For those who are in the field of scientific research, they have more or less heard of the P/NP problem. This problem was included in the Millennium Prize problem by the Clay Mathematics Institute. There are seven problems in it. Big problems, including the well-known Poincaré conjecture, Riemann hypothesis, etc. And the organization has offered millions of dollars in prizes to researchers who can solve the problem.
The P/NP problem was first proposed in 1971 by Stephen A. Cook and Leonid Levin respectively. Over the years, many people have devoted themselves to researching this problem. However, some people say that it may take a conservative estimate of 100 years to solve the P=NP problem
In recent years, some people have claimed to have proved that P is equal to or not equal to NP, but these There are errors in the proof process.
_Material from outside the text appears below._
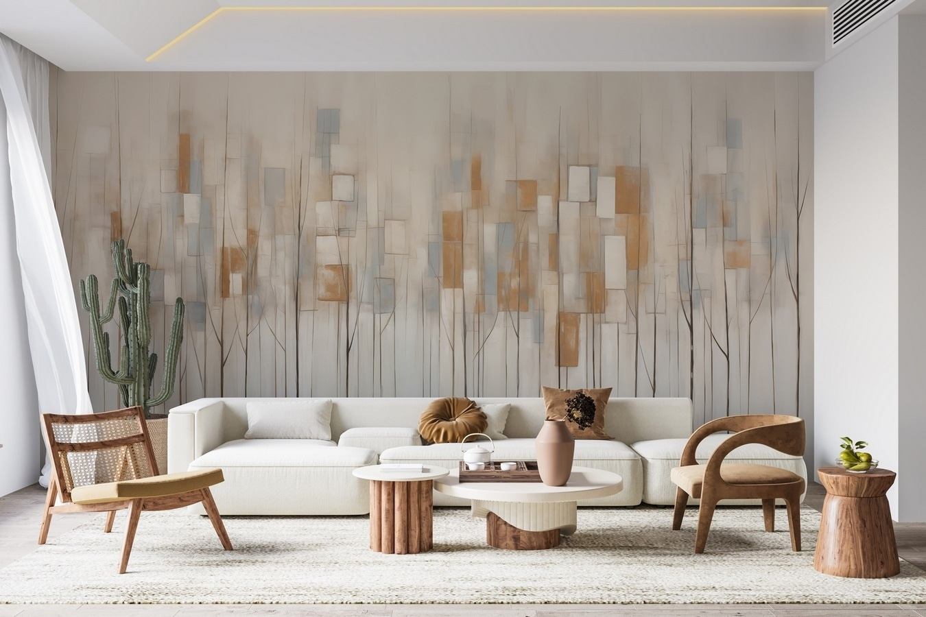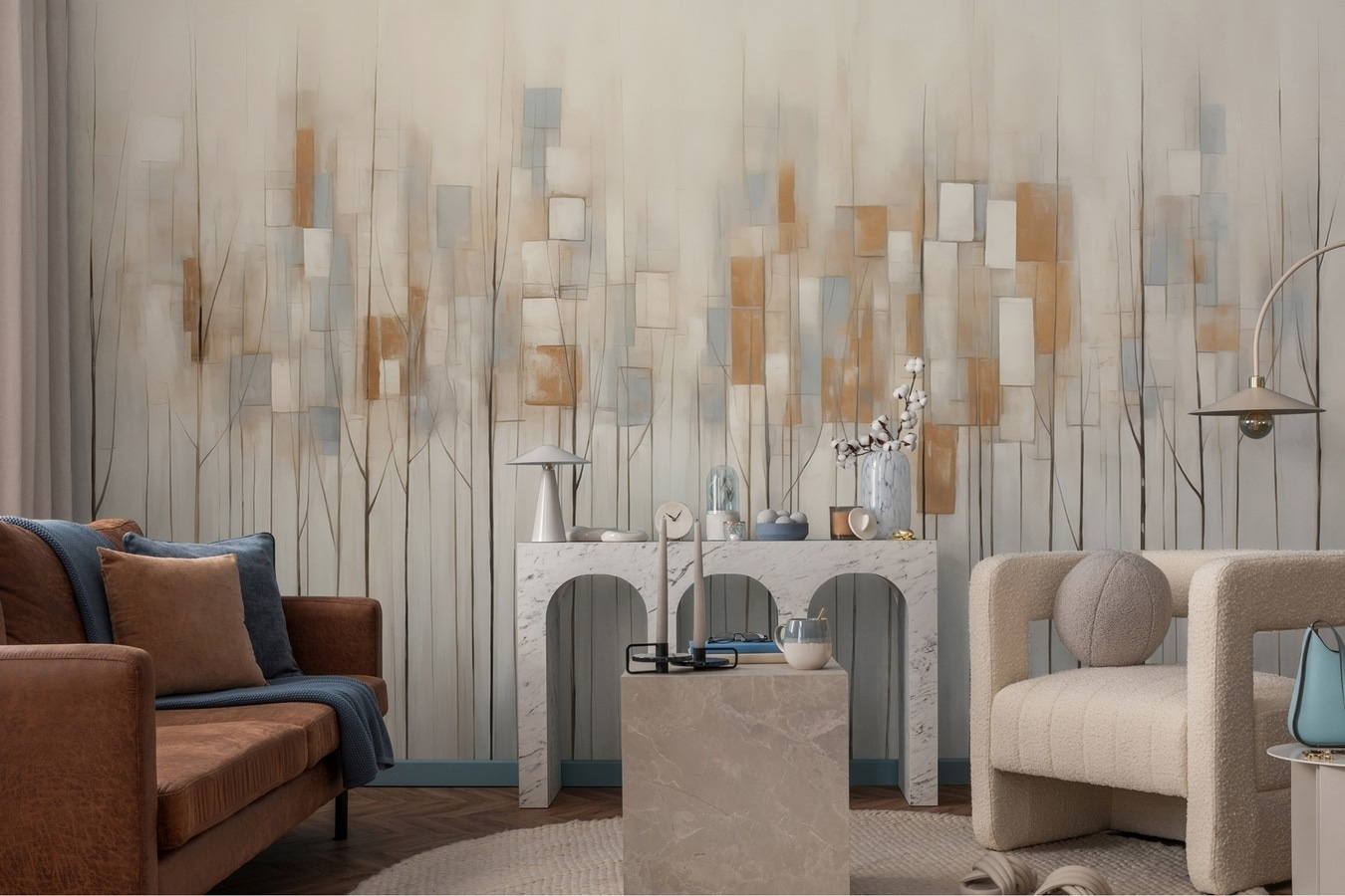 Μεταμορφώστε οποιοδήποτε δωμάτιο σε ένα ζεστό καταφύγιο με αυτή την εκπληκτική τοιχογραφία με δέντρα και μαλακά, τετράγωνα σχήματα. Φανταστείτε να μπαίνετε στο χώρο σας και να αισθάνεστε αυτή τη στιγμιαία ατμόσφαιρα ηρεμίας – σαν μια βόλτα στο πάρκο, αλλά χωρίς το πραγματικό περπάτημα. Τα απαλά χρώματα συνδυάζονται τέλεια, φέρνοντας ένα άγγιγμα φύσης στους εσωτερικούς χώρους, ενώ παραμένουν κομψά μοντέρνα. Σπέρνει χαρά και ίσως ακόμη και λίγη έμπνευση για εκείνο το έργο τέχνης που θέλατε να ξεκινήσετε. Κρεμάστε το στο σαλόνι ή στο γραφείο του σπιτιού σας και αφήστε το γαλήνιο τοπίο να κάνει τη μαγεία του. Ίσως βρεθείτε να ονειρεύεστε τεμπέλικα απογεύματα που περνάτε κάτω από αυτά τα δέντρα!

However, so far, no one has been able to give a definite answer
With the development of artificial intelligence technology, especially the rapid update of large language models in the past year, researchers Begin to try to use artificial intelligence technology to solve some global problems
Researchers from Microsoft Research, Peking University, Beihang University and other institutions proposed to use large language models (LLM) to enhance and accelerating the research on P versus NP problems
This article proposes a general framework, Socratic reasoning, to prompt LLM to think deeply and solve complex problems. On the basis of this framework, LLM is able to recursively discover, solve and integrate problems, while also conducting self-evaluation and improvement
This paper's pilot study on the P vs. NP problem shows that, GPT-4 successfully generated a proof pattern and conducted rigorous reasoning in 97 dialogue rounds, reaching the conclusion that "P≠ NP", which is consistent with the conclusion of (Xu and Zhou, 2023).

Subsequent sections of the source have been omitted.